I contacted our great friend and prolific writer, Tim Neville, we discussed it, pitched the story around to some magazines, and a week later had ourselves an assignment. Marcello provided invaluable information for the article, so we opted to go along with him serving as Guide.

Beginning on the southeastern part of the island in a small village called Santa Maria Navarrese, the trek creeps along the towering limestone seacliffs above the Mediterranean. As you weave your way through forests, wander through limestone corridors, and pass by ancient shepherds shelters, the Mediterranean sea, azure and cool far below, awaits the evening’s descent to camp. The tagline “Most Remote” does indeed hold true. For the first time in my 8 years of trekking in Europe, I never once felt like I would run into anyone along the trail.

The same did not hold true for the beaches we descended to. While we would emerge from the land side of the beach, all the many sunbathers would arrive via boat. The beaches are isolated bits of paradise along what is actually a vertical coastline, access is by water only, unless of course you are working your way along the Selvaggio Blu.

Tim, Janine and I wandered along behind Marcello, listening to all the fascinating history of the area and Sardinia. Sardinia is part of Italy yet has its own and decidedly unique history due to its position as an island between Africa, Spain and Italy.
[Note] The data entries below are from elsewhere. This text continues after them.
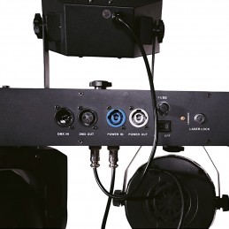 - Sources de lumière : 2 Lyres 40W avec Gobo et Ring Lumineux | Ring : 12 LEDs 5050 RGB (3-en-1) | 2 Par Led 6x8W RGBW | 2 Lasers : Rouge 130mW et Vert 50mW | 2 Strobes 10W (Blanc) | 2 Derby : 2x10W RGBW
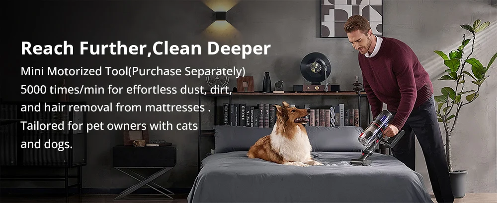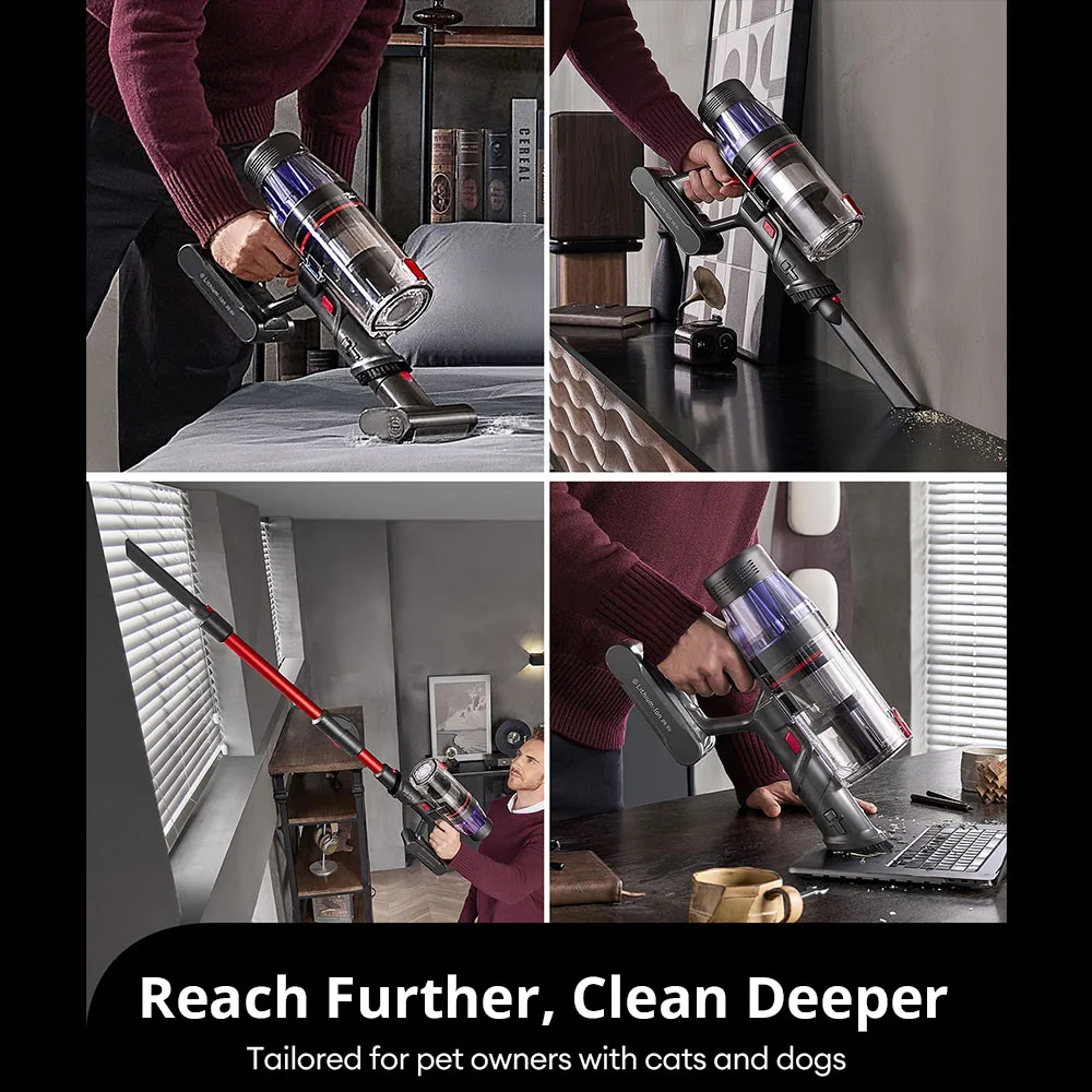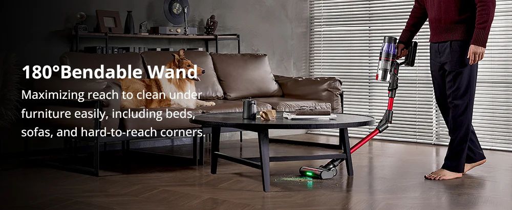 This stick vacuum cleaner adopts a foldable wand design for effortless cleaning under furniture without the need to bend. And it is equipped with multi-functional tools to provide flexible cleaning options for different areas of your home.
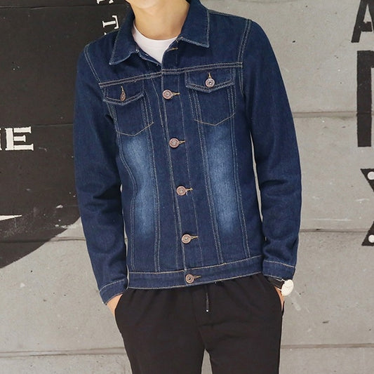 Dark Blue Denim Jackets Mens Vintage Washed Outfits Kpop Fashion
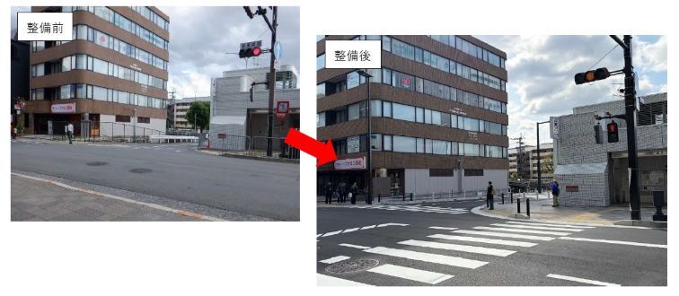 大和大路本町通において三条通との交差点付近は、車道が屈曲していて、また、東側歩道が整備されていない状況でした。

For our last night, we found ourselves in a cave 40 meters above the water perched in the wall of stone. Our food had been dropped off by boat and in our stash was a bottle of the local red wine. At this point, we realized that all four of us were “working”, and that our “work” was confirmed to be blissfull. We laughed well into the night.
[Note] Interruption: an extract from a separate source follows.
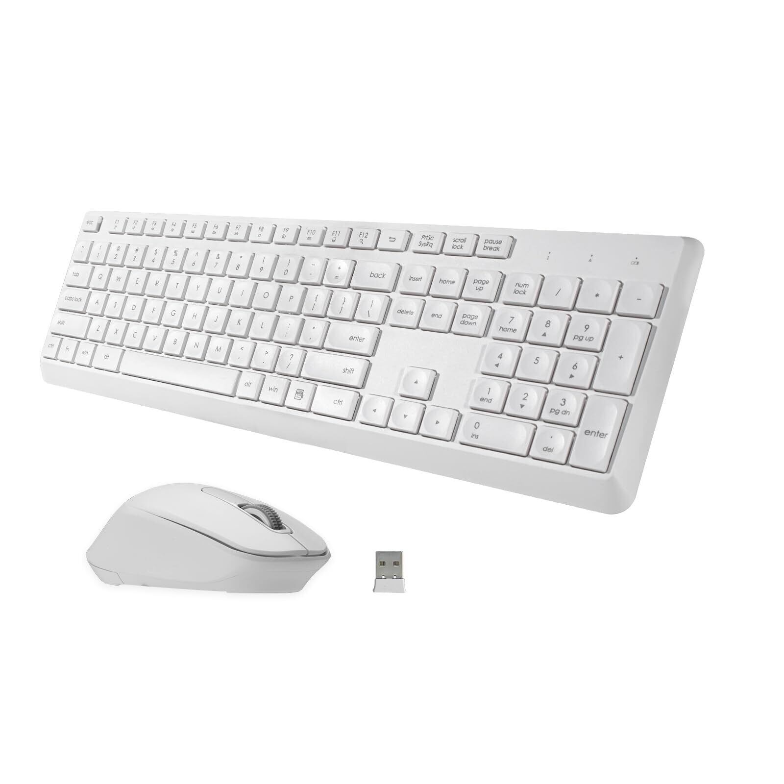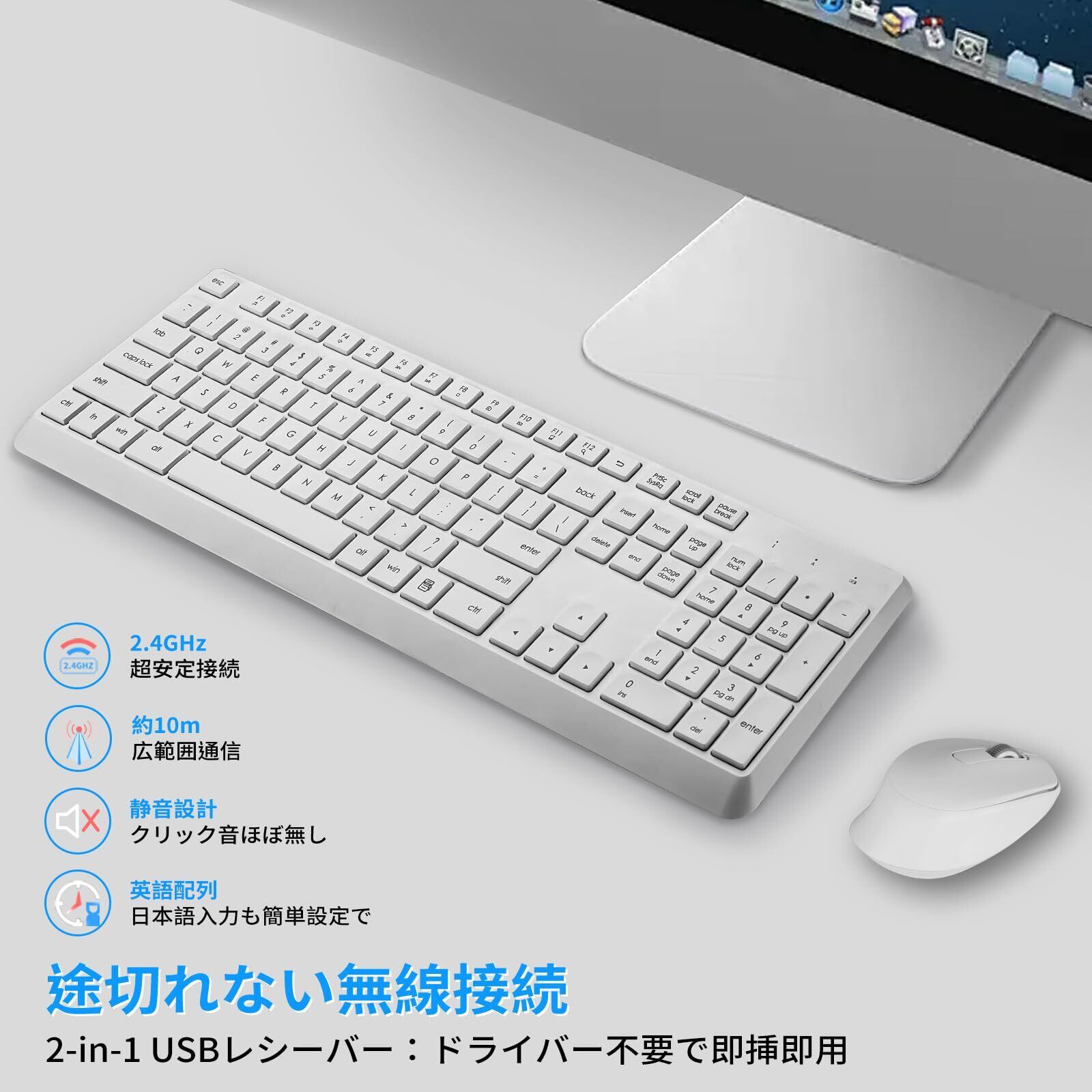 HUO JI ワイヤレスキーボード マウスセット 静音 2.4GHz無線 英語配列 フルサイズ 106キー テンキー付 薄型 英語配列 12個マルチメディアキー 高耐久 省電力 長時間使用 疲れにくい 人間工学 簡単接続 テレワーク/在宅ワークWindows/mac対応 (ホワイト)

The final day included several rappels and some easy climbing before we stumbled from the trees and straight onto yet another white beach with azure waters lapping the shoreline. That, and a bar with the local beer served ice cold.

Some friends once told us that after all their trips, they do a best of/worst of report. So, while the above is general info for the Selvaggio Blu, now it is time for a more personal report with the results mixed, you decide if it is best or worst of:

  • Mosquitos in mass quantities one night, no protection, too hot to lay in sleeping bag. Marcello looking like Rocky Balboa

  • The Euro beach scene

  • Asino kisses

  • Beers in the food drops

  • Cell service in our cave

  • The color azure

  • 3 hours sleep in the car outside the Milano airport

Stay tuned for Tim’s slideshow, including compromising photos of Dan’s photography techniques. Also, a full gallery of some real photos from the trip.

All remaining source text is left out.